◆ **Work instructions**
Drop the pictures, then repeat every record exactly as it stands.

◆ **Supplied data**
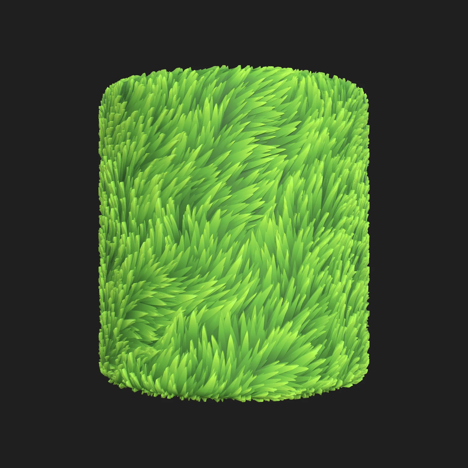 This stylized thick grass material provides a dense greenery surface for landscape environments. The material includes a set of 2K resolution physically based rendering maps, featuring ambient occlusion, base color, height, metallic, normal, and roughness images. A Substance Designer source file (.sbs) is also included, allowing users to inspect or modify the underlying node graph.
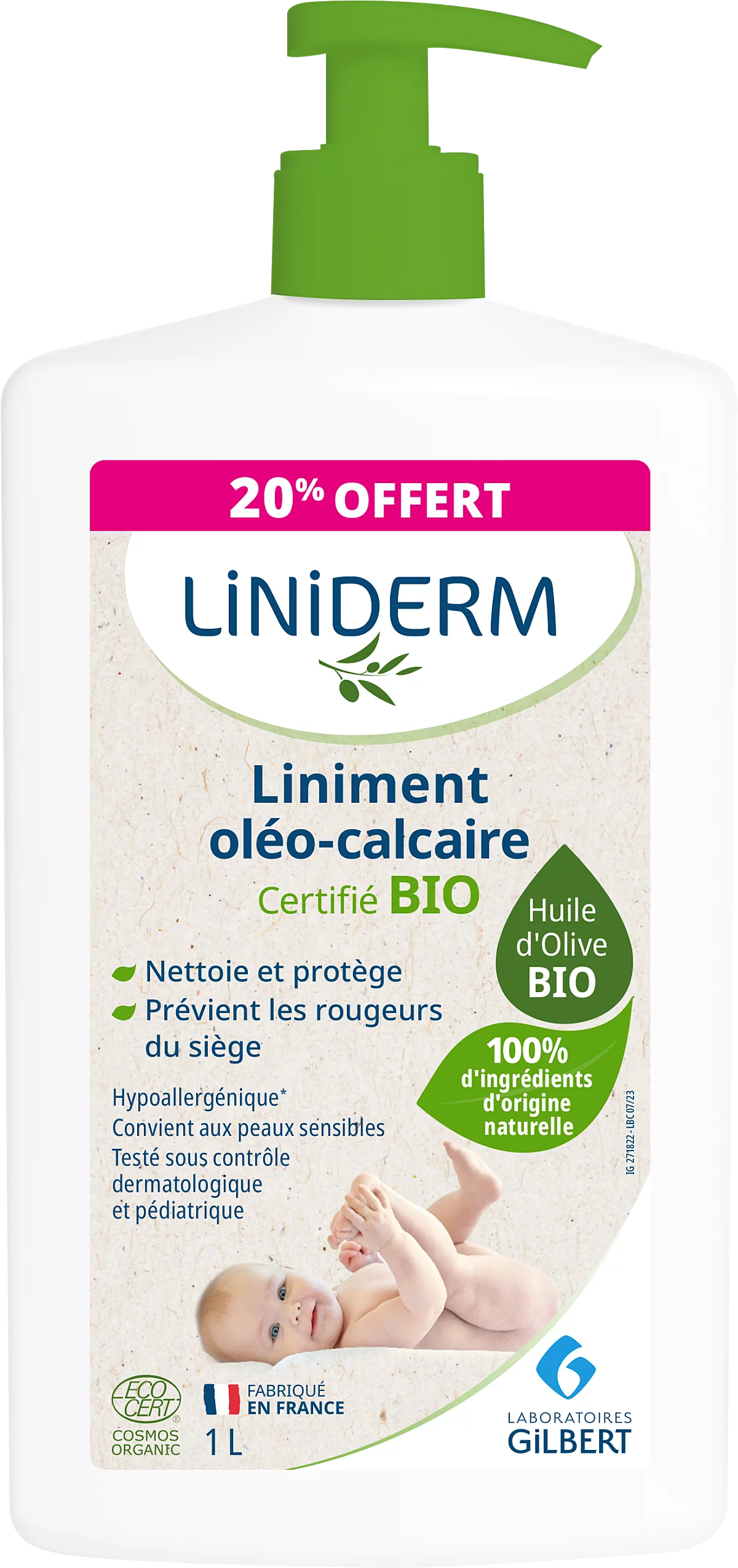 Gilbert Liniderm Liniment oléo-calcaire bio 1 L – liniment bébé protecteur change avis
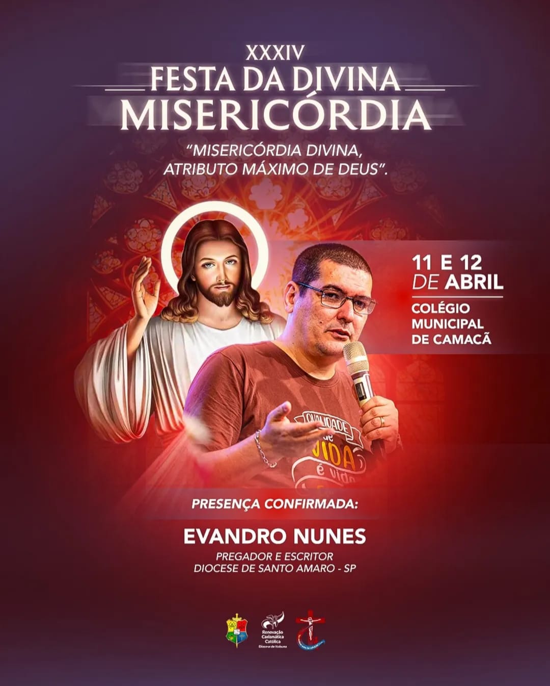 A Paróquia São Sebastião, no município de Camacan, pertencente à Diocese de Itabuna, no sul da Bahia, realiza nos dias 11 e 12 de abril a XXXIV Festa da Divina Misericórdia. O evento religioso convida fiéis de toda a região para um momento de oração, reflexão e aprofundamento espiritual, inspirado no tema Misericórdia Divina, atributo máximo de Deus.
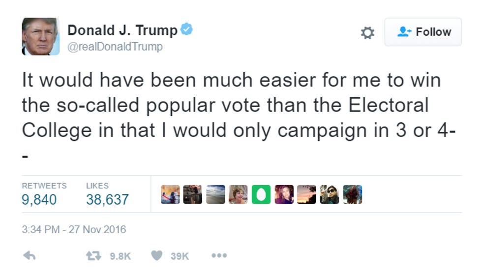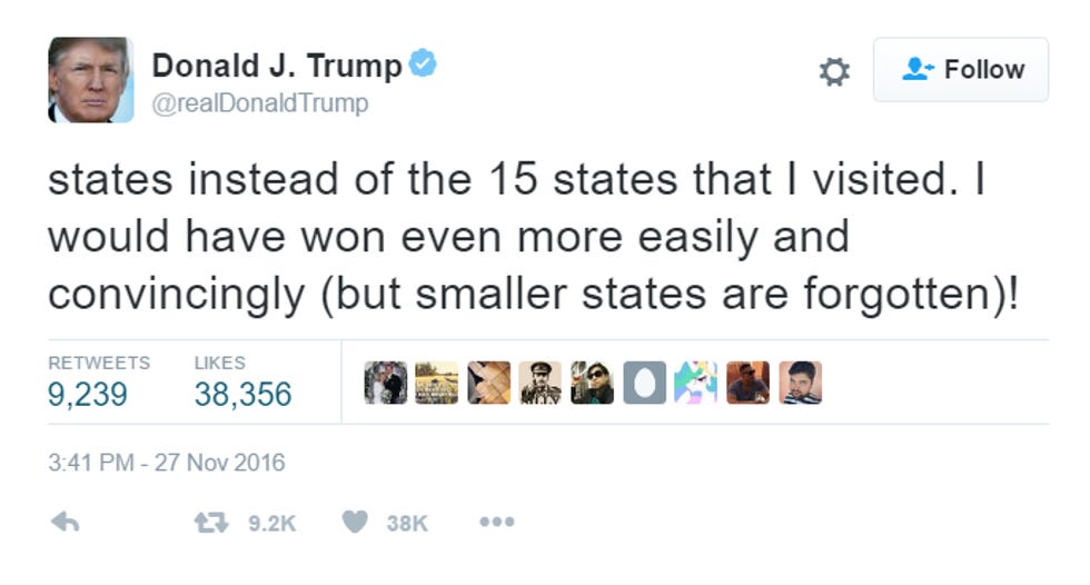 Donald Trump, who won the election despite losing by a zillion in the popular vote, seems spooked, though. Let's go to the latest press statements from the press office of the president-elect of the United States, by which we mean Trump's Twitter account, which America really needs to fucking unfollow and mute and block:
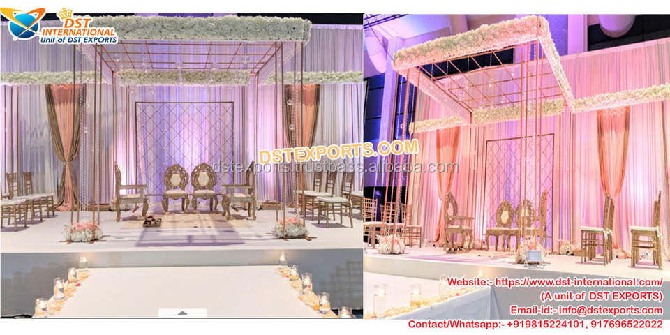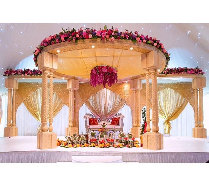 งานแต่งงานในฝัน ผู้ออกแบบตกแต่งมณฑปไฟเบอร์ งานแกะสลักมณฑปไฟเบอร์สำหรับงานแต่งงาน มณฑปงานแต่งงานแบบผสมผสานสไตล์อินเดีย มณฑปสีทองสำหรับงานแต่งงาน

◆ **Completed exercise**
 This stylized thick grass material provides a dense greenery surface for landscape environments. The material includes a set of 2K resolution physically based rendering maps, featuring ambient occlusion, base color, height, metallic, normal, and roughness images. A Substance Designer source file (.sbs) is also included, allowing users to inspect or modify the underlying node graph.
 Gilbert Liniderm Liniment oléo-calcaire bio 1 L – liniment bébé protecteur change avis
 A Paróquia São Sebastião, no município de Camacan, pertencente à Diocese de Itabuna, no sul da Bahia, realiza nos dias 11 e 12 de abril a XXXIV Festa da Divina Misericórdia. O evento religioso convida fiéis de toda a região para um momento de oração, reflexão e aprofundamento espiritual, inspirado no tema Misericórdia Divina, atributo máximo de Deus.
 Donald Trump, who won the election despite losing by a zillion in the popular vote, seems spooked, though. Let's go to the latest press statements from the press office of the president-elect of the United States, by which we mean Trump's Twitter account, which America really needs to fucking unfollow and mute and block:
 งานแต่งงานในฝัน ผู้ออกแบบตกแต่งมณฑปไฟเบอร์ งานแกะสลักมณฑปไฟเบอร์สำหรับงานแต่งงาน มณฑปงานแต่งงานแบบผสมผสานสไตล์อินเดีย มณฑปสีทองสำหรับงานแต่งงาน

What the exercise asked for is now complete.